● EXERCISE DETAILS
Beginning with the line that has "Together We Deliver" and ending with the line that has "Motorbike crash Jack", retype the entries below exactly, except for the pictures.

● RECORDS FOR THE TASK
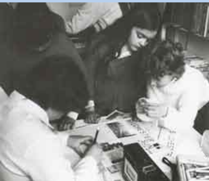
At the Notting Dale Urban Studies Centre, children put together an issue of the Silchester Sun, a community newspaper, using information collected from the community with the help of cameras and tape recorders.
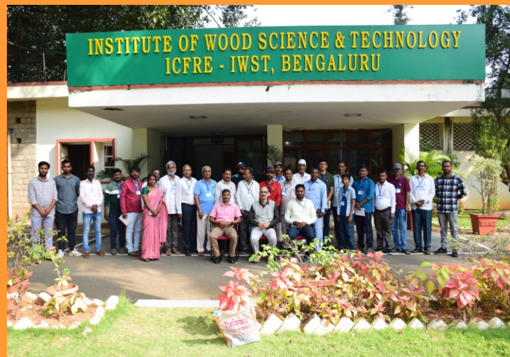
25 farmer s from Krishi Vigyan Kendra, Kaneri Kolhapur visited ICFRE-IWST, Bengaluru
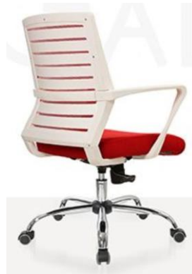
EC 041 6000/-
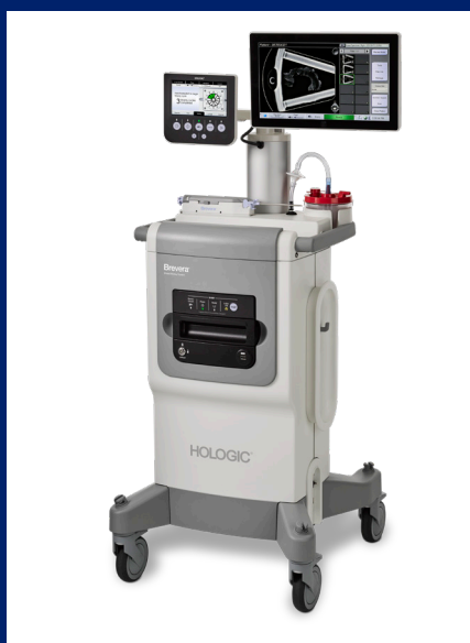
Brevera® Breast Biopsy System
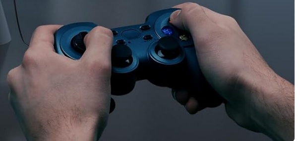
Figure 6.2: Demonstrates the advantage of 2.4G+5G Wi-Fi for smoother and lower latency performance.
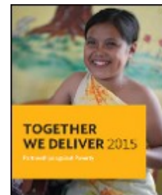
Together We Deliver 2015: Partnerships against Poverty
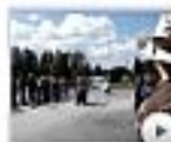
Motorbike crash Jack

...

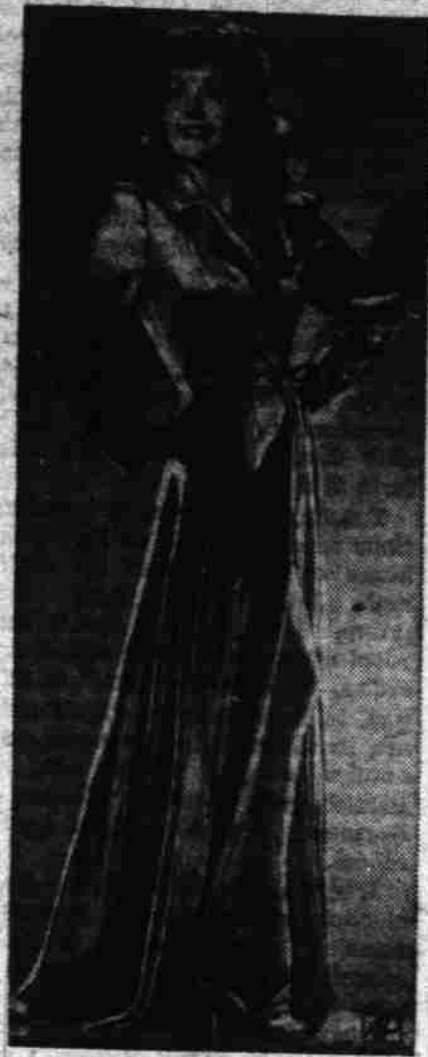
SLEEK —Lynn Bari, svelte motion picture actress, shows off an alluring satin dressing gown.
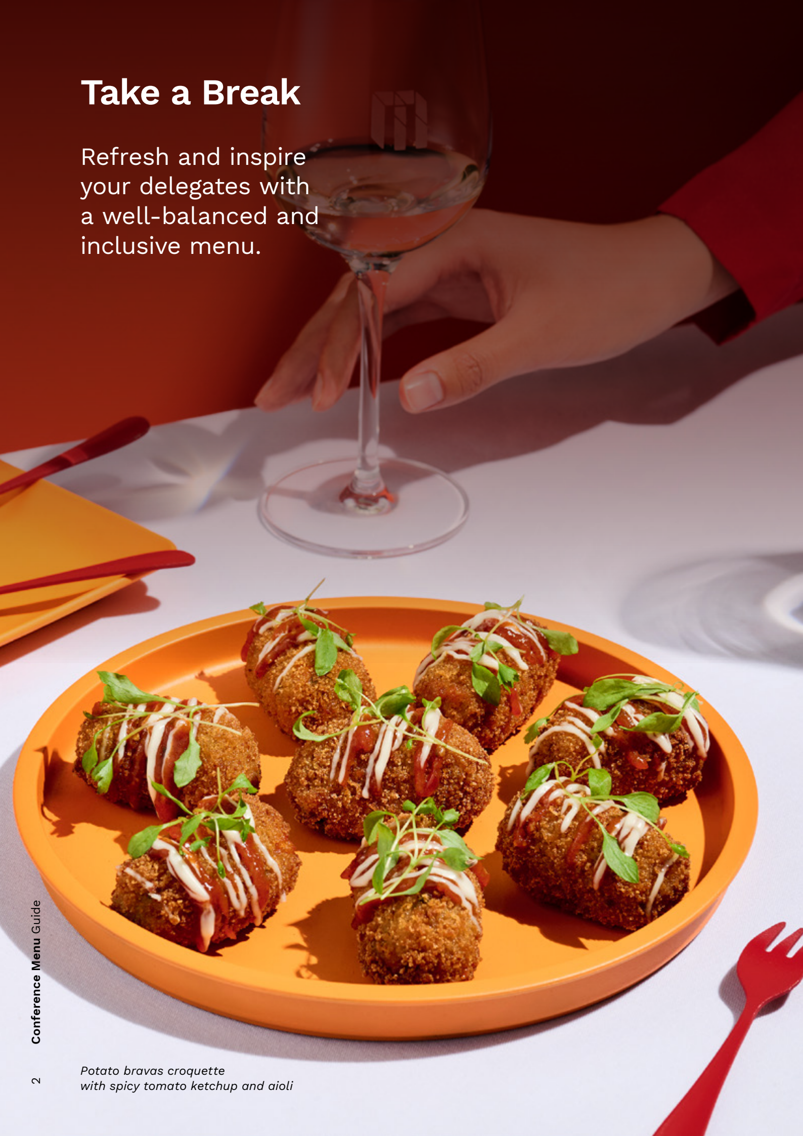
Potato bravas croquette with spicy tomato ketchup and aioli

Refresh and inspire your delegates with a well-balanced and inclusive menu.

● TASK RESPONSE
Together We Deliver 2015: Partnerships against Poverty
Motorbike crash Jack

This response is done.